Vik's ML Research Blog

LNQA: A New Dataset for Visual Question Answering

I recently developed LNQA (Localized Narratives Question Answering), a dataset for visual question answering tasks. This post outlines the methodology and technical details of its creation.

Project Objectives

The primary goals for LNQA were:

Develop a visual question answering dataset with natural language answers, moving beyond short-phrase responses.
Utilize only open-source datasets and models to ensure clean licensing.

This project was inspired by the Google Research paper All You May Need for VQA are Image Captions. My approach aimed to streamline the process by leveraging larger language models and few-shot prompting instead of fine-tuning smaller models like T5.

Methodology: Localized Narratives

The foundation of LNQA is the Localized Narratives dataset, which consists of:

Images from the Open Images dataset
Verbal descriptions by annotators, synchronized with mouse movements over relevant image areas
Transcribed text from the audio descriptions

Localized Narratives provides rich, detailed descriptions including spatial information, which is invaluable for generating nuanced question-answer pairs.

Challenges and Solutions

The primary challenge was handling transcription errors in the Localized Narratives dataset. To address this, I implemented a two-stage pipeline:

Fact Extraction: Using Mixtral-8x7B to extract a list of facts from the description, accounting for potential transcription errors.
Question-Answer Generation: Employing Mixtral-8x7B again to generate question-answer pairs based on the extracted facts.
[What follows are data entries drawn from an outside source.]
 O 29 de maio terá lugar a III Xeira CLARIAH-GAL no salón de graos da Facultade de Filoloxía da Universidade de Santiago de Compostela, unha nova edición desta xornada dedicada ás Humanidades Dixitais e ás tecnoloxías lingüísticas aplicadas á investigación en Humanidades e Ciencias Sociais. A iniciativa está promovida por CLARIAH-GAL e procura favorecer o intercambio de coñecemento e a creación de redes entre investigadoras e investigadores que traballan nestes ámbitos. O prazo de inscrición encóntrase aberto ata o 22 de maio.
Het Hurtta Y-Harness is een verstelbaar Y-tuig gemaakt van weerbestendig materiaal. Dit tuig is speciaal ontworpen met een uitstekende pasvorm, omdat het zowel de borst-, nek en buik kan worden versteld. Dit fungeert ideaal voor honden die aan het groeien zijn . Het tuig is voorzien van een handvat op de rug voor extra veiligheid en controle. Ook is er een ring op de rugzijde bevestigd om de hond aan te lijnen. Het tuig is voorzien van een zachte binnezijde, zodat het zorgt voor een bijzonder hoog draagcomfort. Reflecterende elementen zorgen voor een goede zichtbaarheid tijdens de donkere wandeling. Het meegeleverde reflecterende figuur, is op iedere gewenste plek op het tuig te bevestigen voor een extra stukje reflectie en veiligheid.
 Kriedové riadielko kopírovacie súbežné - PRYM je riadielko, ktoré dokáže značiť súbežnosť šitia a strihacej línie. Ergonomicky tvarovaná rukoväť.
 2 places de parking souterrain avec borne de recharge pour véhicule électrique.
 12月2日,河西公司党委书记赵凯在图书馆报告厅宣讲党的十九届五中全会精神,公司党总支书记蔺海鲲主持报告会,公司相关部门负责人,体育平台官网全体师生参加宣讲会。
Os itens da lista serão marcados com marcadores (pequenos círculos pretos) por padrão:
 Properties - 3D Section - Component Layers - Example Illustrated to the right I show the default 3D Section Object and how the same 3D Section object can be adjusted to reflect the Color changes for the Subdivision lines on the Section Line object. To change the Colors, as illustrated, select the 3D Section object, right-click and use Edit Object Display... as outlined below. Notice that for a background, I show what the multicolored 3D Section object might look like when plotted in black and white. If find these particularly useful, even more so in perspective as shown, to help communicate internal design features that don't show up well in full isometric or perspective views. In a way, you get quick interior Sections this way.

To enhance the dataset's robustness, I introduced "absurd" questions - intentionally irrelevant queries to teach the model to recognize when a question is not applicable to an image. To avoid model collapse and ensure diversity in these questions, I implemented an external noun list. The model receives three potential topics from this list as inspiration for generating the absurd question, injecting external entropy into the process.
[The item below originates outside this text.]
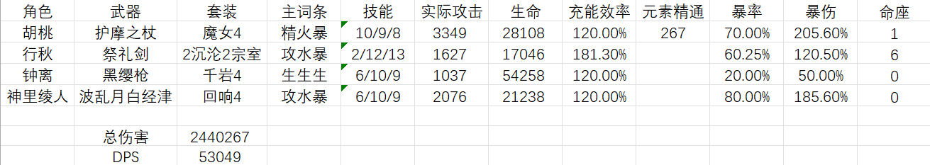 绫人进胡行钟的计算结果并没有达到预期的效果,我当时以为这个队伍把队友间联动拉满了,但算出来发现效果只能说正常,毕竟5wDPS打深渊绰绰有余了,只是队伍必不可能封神。
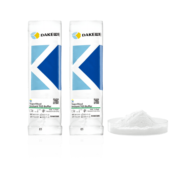 SuperDissol Instant TGS Buffer is white to off-white instant granules, and each pack of this product can produce 1 L of 1 ×TGS Buffer, which is easy to operate and use. The main components of TGS are Tris, glycine and SDS. The concentration of Tris and glycine in 1 ×TGS Buffer is 25 mM and 192 mM, and the content of SDS is 0.1%. Instant TGS Buffer is commonly used as electrophoresis buffer for SDS-PAGE.

Improving Accuracy with DSPy

To further enhance the quality of the generated question-answer pairs, I utilized DSPy for generating few-shot chain-of-thought prompts. Here's the full DSPy program used, including the prompts:

class FactExtractionSignature(dspy.Signature):
    """
    Extract factual knowledge from a transcript of a person describing an image. The transcripts
    are converted from speech to text and may contain errors, so exclude any facts that seem out
    of context or that might have resulted from a transcription error.
    """

    transcript = dspy.InputField()
    facts = dspy.OutputField()


class ConversationSignature(dspy.Signature):
    """
    Given a series of facts about an image, design a series of questions and answers based them.
    Pretend that the person writing answers is looking at the image directly, and do not make any
    reference to a list of facts.

    Only create questions that can be answered definitively from one or more of the facts.
    Do not use first person language or make any assumptions about the image.
    Use simple and clear language.
    Create diverse question, e.g. what, where, when, why, how, how many.
    Do not ask any yes/no questions.
    Do not ask any questions that cannot be answered definitively.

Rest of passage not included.